About the Urban Analytics Lab
We are a multidisciplinary research group focusing on urban data management and analysis, geographic data science, and digital twins at the National University of Singapore (NUS), a leading global university centred in Asia.
Our mission is to leverage and make sense of big geospatial data at different scales for urban applications and catalyse the development of spatial data infrastructures and digital twins in the realm of smart cities and the built environment. We are particularly interested in the interface of emerging urban datasets such as street-level imagery, dynamic/sensor data, and 3D city models with the state of the art of artificial intelligence to solve contemporary urban challenges and provide a strong foundation to advance urban informatics. Crowdsourcing plays an important role in our research, as we follow and contribute to vibrant developments in Volunteered Geographic Information (VGI) and engage such data in our research.

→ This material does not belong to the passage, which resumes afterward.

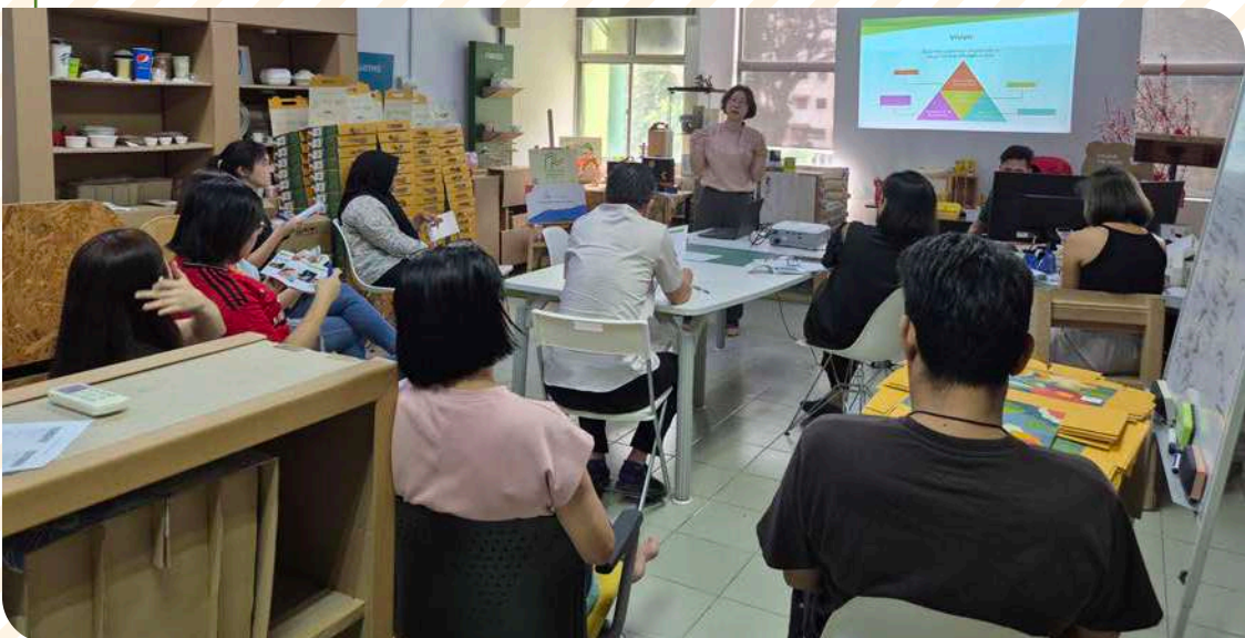
Ms Teh presented ESH training to employees attended

The research group was established in 2019 by its Director/PI Dr Filip Biljecki, Assistant Professor at the NUS College of Design and Engineering and the NUS Business School. You can read more about our research agenda also in an interview with the PI.
We are involved in several international collaborations such as the International Society for Photogrammetry and Remote Sensing (ISPRS) and the Open Geospatial Consortium (OGC). Within NUS, we collaborate primarily with three sister labs: the Building and Urban Data Science (BUDS) Lab, the Integrated Data, Energy Analysis + Simulation (IDEAS) Lab, and the Urban Climate Design Lab (UCDL), forming a constellation of research groups with complementary activities operating at converging scales.

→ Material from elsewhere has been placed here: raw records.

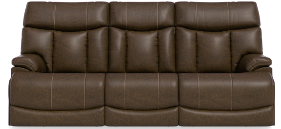
1594-62PH in Fabric 374-70
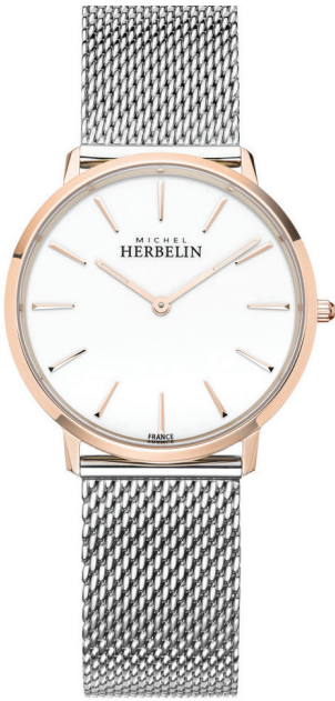
19515/PR11B Ø 38.7mm
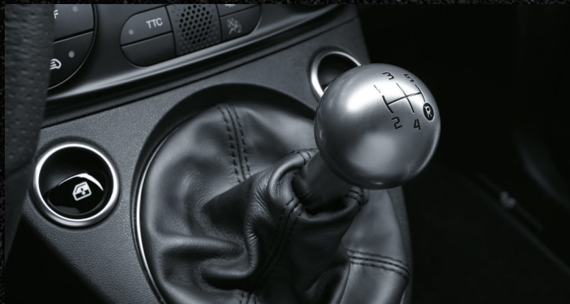
595 & 695 – Aluminium gear knob.
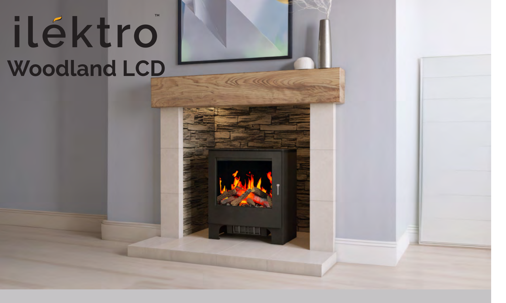
Woodland LCD - The Charm of a Woodburning Stove, Reinvented by Paul Agnew Designs

The Woodland LCD Electric by Paul Agnew Designs redefines what an electric stove can be - a perfect fusion of craftsmanship, cutting-edge technology, and timeless style. Inspired by our award-winning Woodland woodburning stove, this electric model retains the traditional allure of a classic log burner while embracing the ease and efficiency of modern living.

Some of our activities are also featured in a recent video:
You are welcome to follow our work through Twitter, LinkedIn, blog, and papers. You may also be interested in our home-grown data and code that we released openly.

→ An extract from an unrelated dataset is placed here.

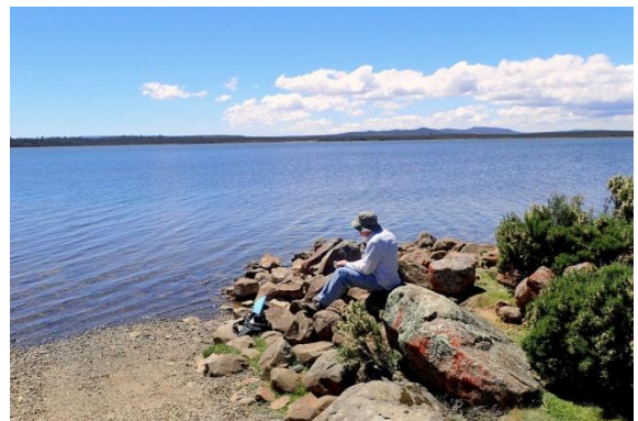
Relaxing at Lake Ada.

This activity has to some extent assumed project status. In future years we will be looking for further evidence of episodic appearance of Mienna jewel beetles and more details of its life history. We may overnight at Mienna to allow more exploration time on the plateau.

The full list of our interests and key words: Geographical Information Science (GIS), geospatial machine learning, GeoAI, geographic data science, spatial data infrastructure (SDI), 3D city modelling / 3D GIS / digital twins, 3D urban analytics, street view imagery, spatial data quality and standardisation (CityJSON, CityGML), thermography, Volunteered geoinformation (VGI) and OpenStreetMap (OSM), Building Information modelling (BIM) 3D underground data modelling, and 3D cadastre.